BEGIN Data provided

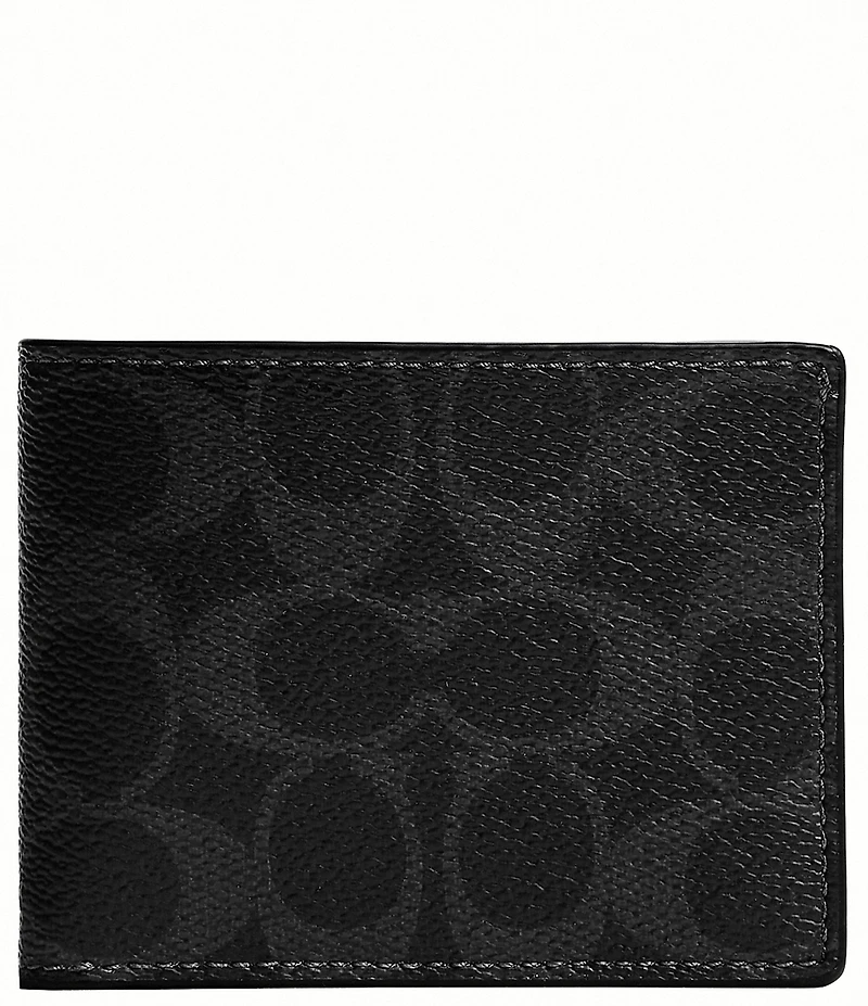 COACH Signature Coated Canvas/Leather Slim Billfold Wallet
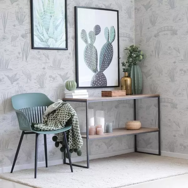 Carta da parati Disegno di aironi e piante acquatiche in calme tonalità di grigio Nr. a00479
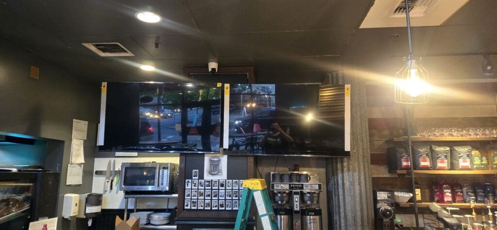 The result? Check out the second photo! Both TVs are mounted perfectly, creating a seamless, professional digital menu board. The screens are aligned, secure, and look absolutely stunning against the backdrop of the coffee shop.
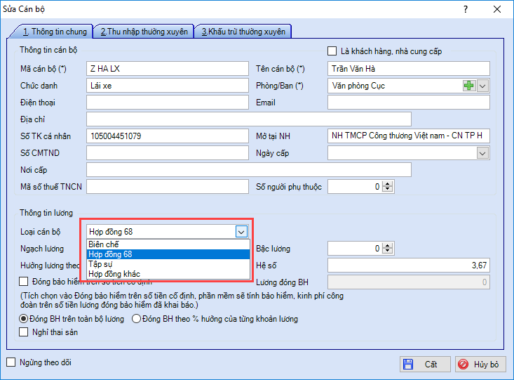 1. Chương trình cập nhật lại danh mục Loại cán bộ là Hợp đồng 68 và Hợp đồng khác (Danh mục\Cán bộ).

END Data provided

All that belongs in the answer is the exact run of lines from the line containing "The result? Check" to the end of the listing above, pictures removed.

 The result? Check out the second photo! Both TVs are mounted perfectly, creating a seamless, professional digital menu board. The screens are aligned, secure, and look absolutely stunning against the backdrop of the coffee shop.
 1. Chương trình cập nhật lại danh mục Loại cán bộ là Hợp đồng 68 và Hợp đồng khác (Danh mục\Cán bộ).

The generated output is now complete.